El gran viejo Borges no podía quejarse; si bien los suecos le negaron sistemáticamente el
Nóbel, en su propio país fue reconocido como patrimonio nacional. Borges compartió los
laureles que adornan también la ensortijada testa de Maradona, quien también fue declarado
patrimonio nacional honoris causa, en tiempos en que varios clubes europeos amenazaban con
privarnos de su arte, cosa que lograron a medias; el pibe de Fiorito-guste o no a los
intelectualosos denostadores del fútbol- llevó su argentinidad a todos los estadios que pisó.
“¿Cómo se hace para adquirir el rango de patrimonio nacional?”, me preguntó días pasados un
simpático niñito que se hallaba cazando las palomas del Parque Independencia con una pistola
calibre 38.”Son para la cena, ¿sabe?” . La ingenua criaturita me puso en apuros; recordé que las
acreditaciones otorgadas años atrás y que menciono más arriba- en el caso del gran Viejo, por
un ilustre funcionario público de la dictadura militar y del diez, por los empresarios más
poderosos del fútbol de aquellos años- revelaba que para cierta gente no todos los argentinos
probos y abnegados pertenecen a esa honrosa estirpe.
“¿Qué me preguntaste, simpático retoño?”, dije, más que nada para ganar tiempo.
El niñito me apuntó con su pistola.
“Ah, ya recuerdo”- acoté de inmediato.” Mirá, para ser considerado patrimonio nacional no
basta con ser un puntual y esforzado contribuyente, ni es mérito suficiente deslomarse a diario
con la vana intención de solventar las necesidades básicas. Por si no lo sabes, sobrevivir
dignamente no es ya una virtud, sino un pecado de soberbia y empecinamiento”.
El niñito me miró con el entrecejo fruncido. Oí que sus dientes rechinaban. “No contestó a mi
pregunta. ¿Quién se cree que es? ¿El Ministro de Economía?”. Le quitó el seguro al disparador.
Compelido a satisfacer su curiosidad sin quebrantar su inocencia, opté por recurrir a la difusa
Teoría de la Distorsión de Valores, a la que poco se apela últimamente. No está demás recordar
que dicha teoría fue presentada como tesis de doctorado por el filósofo puneño Agamenón
García Ventolina, bajo el título Ni chicha ni limonada, y que con ella obtuvo el premio Konex,
merced al cual pudo dar dos veces la vuelta al mundo en un parque de diversiones de Tilcara.
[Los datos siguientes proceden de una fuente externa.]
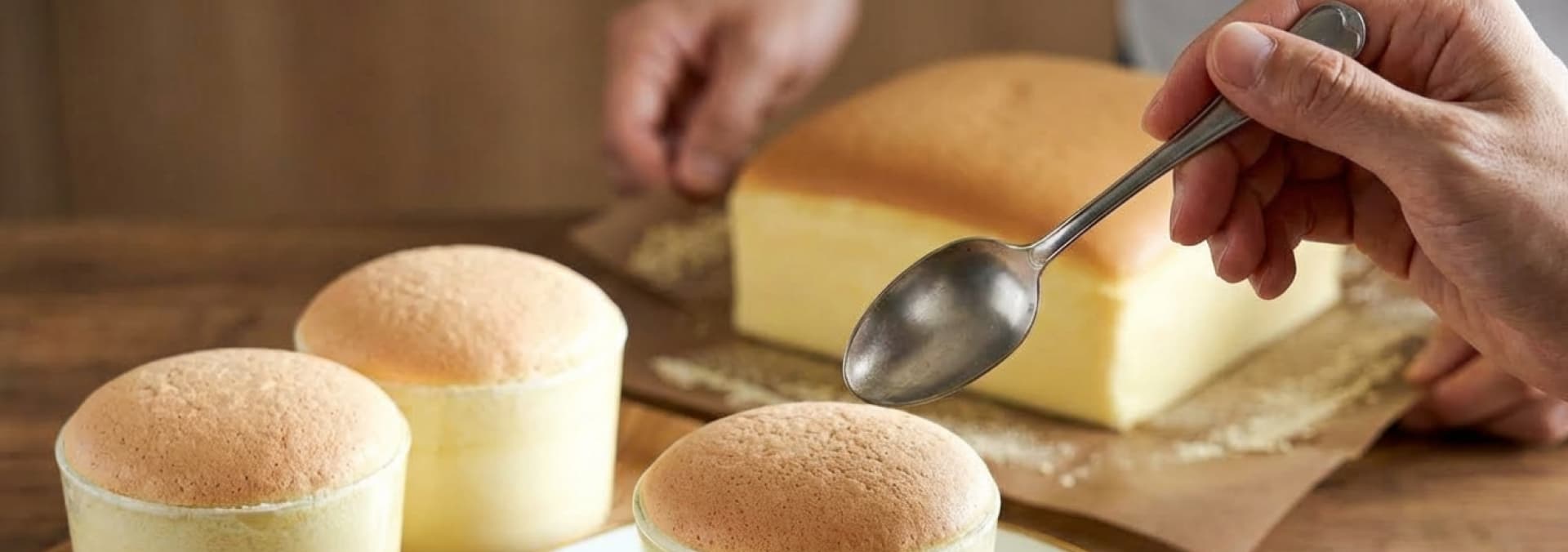 Two soft Castella desserts made gently: fluffy Taiwanese Castella cake and silky Castella creme caramel.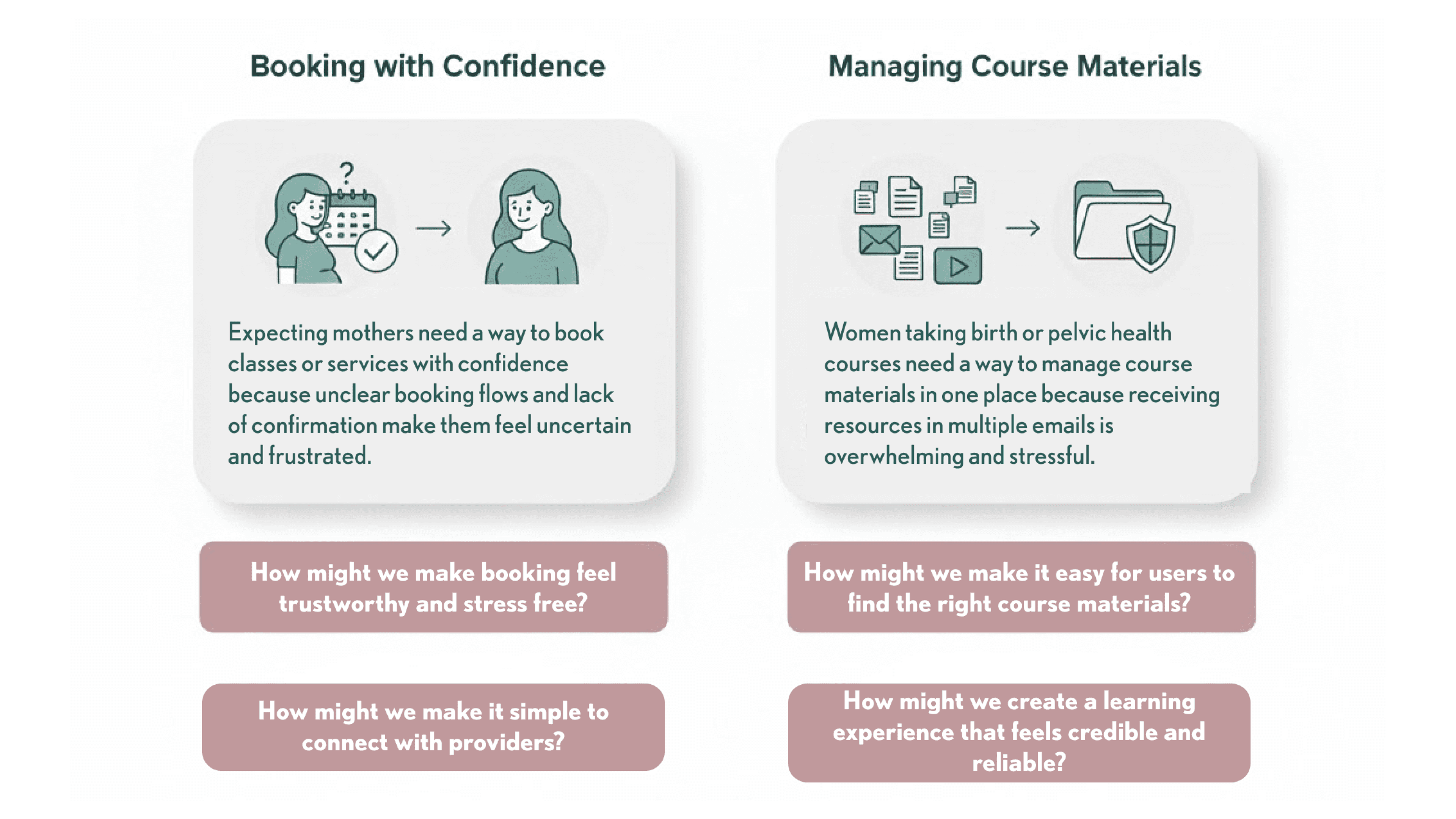 Research revealed two pain points: booking uncertainty and course material overwhelm. I translated these into problem statements focusing on users' needs for confidence and organization, then reframed them as "How Might We" questions to guide ideation toward solutions that build trust and reduce stress.

García Ventolina expresa allí su convencimiento de que el desorden de los factores no sólo
altera el producto bruto sino también la renta per cápita. “A mi entender- dice – los pragmáticos
que tan en boga estuvieron en los ’90 se empeñaron en suponer que los auténticos valores
existenciales son los que se exhibían en la revista Caras. A mi entender – insiste, dado que no
tenía gran facilidad de palabra- la suposición de que así era posible acortar las distancias que nos
separan del Nirvana no era propia de los pragmáticos; en todo caso, es propia de los
prismáticos”.
Los diecinueve capítulos finales de la obra- pero sobre todo el que se titula Hacer el bien sin
mirar a quién no tiene gracia si uno es miope- están dedicados a analizar la problemática del
éxito, cuando el éxito se inspira en el deseo subconsciente de obnubilar a las masas o lo que es lo
mismo, de preservar la pureza natural de la gilada. “Para promover la alteración de los valores –
destaca García Ventolina – es menester instaurar el desaliento y la resignación. No es tarea fácil,
ya que previsiblemente se contará con la tenaz oposición de individuos dotados de cierto talento.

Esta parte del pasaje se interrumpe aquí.